A heavy drinker is someone who drinks a lot.
I was actually being polite and saying problem drinker when I meant alcoholic, but I would say that both of those mean someone who HAS to drink a lot.
Example - when I was 22 I was in a distance relationship. We both drank massivley, even more so when we were together - even then we would easily manage more than a bottle of wine each per night, plus i would often have a couple of pints during the day. I think that we both therefore drank a lot and were heavy drinkers.
Anyway, we split up, not over the drinking per se (at least, we didn't think so at the time ...) but we clearly weren't happy and wanted different things. She got a very high-powered career (which she still has) and, while she didn't stop drinking, she didn't let it get in the way of excelling at that career. In other words, she drank less, and she put it second to the rest of her life.
I put drinking first and fucked my life up royal, to the extent that, as an Oxford graduate who had been destined for an academic teaching and research career, I moved back in with my mum and struggled to hold down a job as a shelf-stacker.
It turned out that I wasn't just a heavy drinker; I was a problem drinker too.
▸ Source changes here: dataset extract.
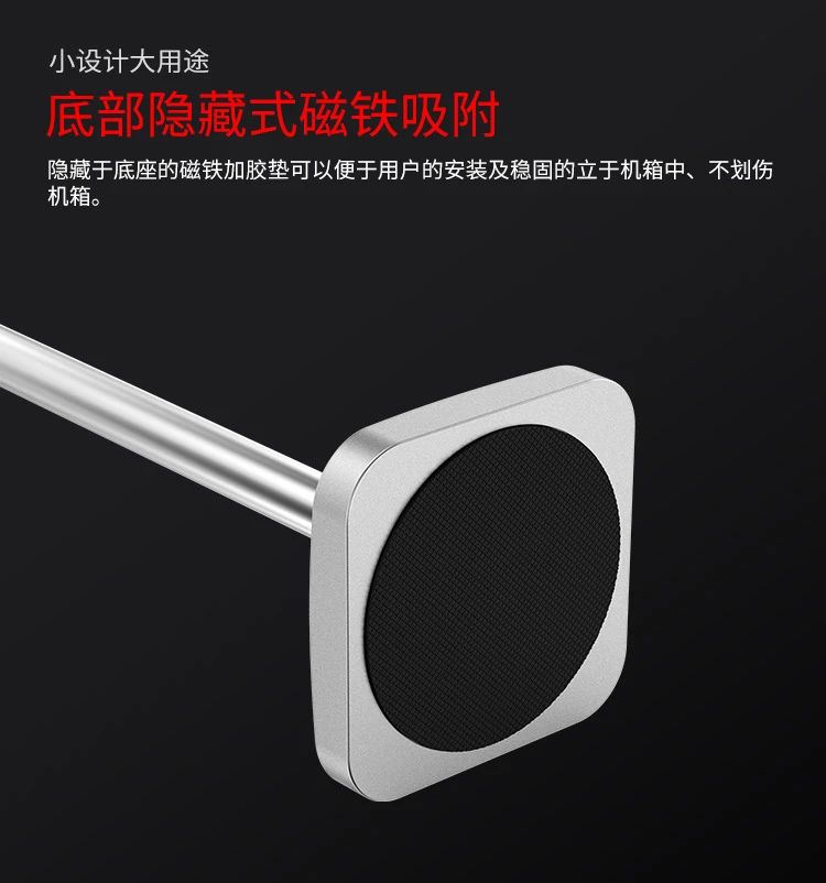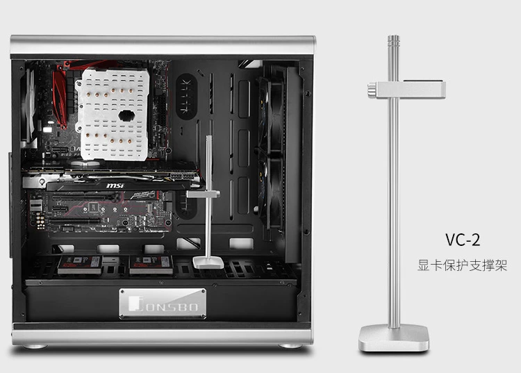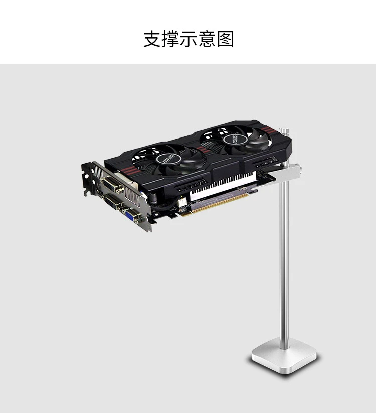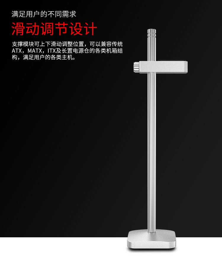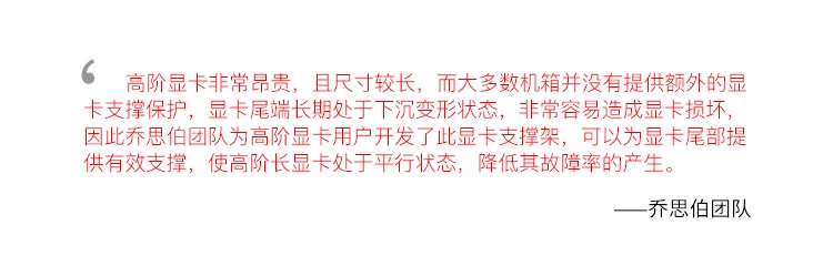 高阶显卡非常昂贵,且尺寸较长,而大多数机箱并没有提供额外的显卡支撑保护,显卡尾端长期处于下沉变形状态,非常容易造成显卡损坏,因此乔思伯团队为高阶显卡用户开发了此显卡支撑架,可以为显卡尾部提供有效支撑,使高阶长显卡处于平行状态,降低其故障率的产生。
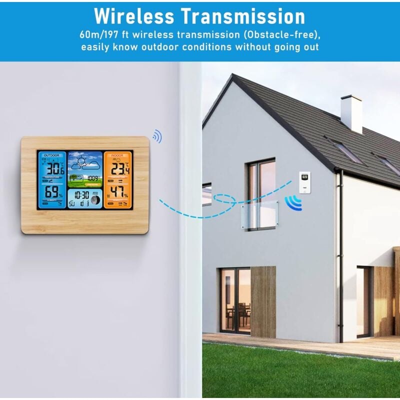 Station météo sans Fil Horloge de météo colorée numérique avec capteur extérieur Thermomètre extérieur intérieur avec Date Température Humidité

Now this doesn't mean that alcoholics can't succeed in business or the professions. Many do, not least because they tend to be driven to succeed because they often have something to prove. What it does mean is that drink will always come first - if they're not sacrificing work, you can bet they're sacrificing something else, quite often the feelings and safety of those who love or depend on them.
It's akin to the difference between a small eater and an anorexic, a social drug user and a coke addict - when it comes to the crunch, can they change, or will they stick to what they know and damn the consequences?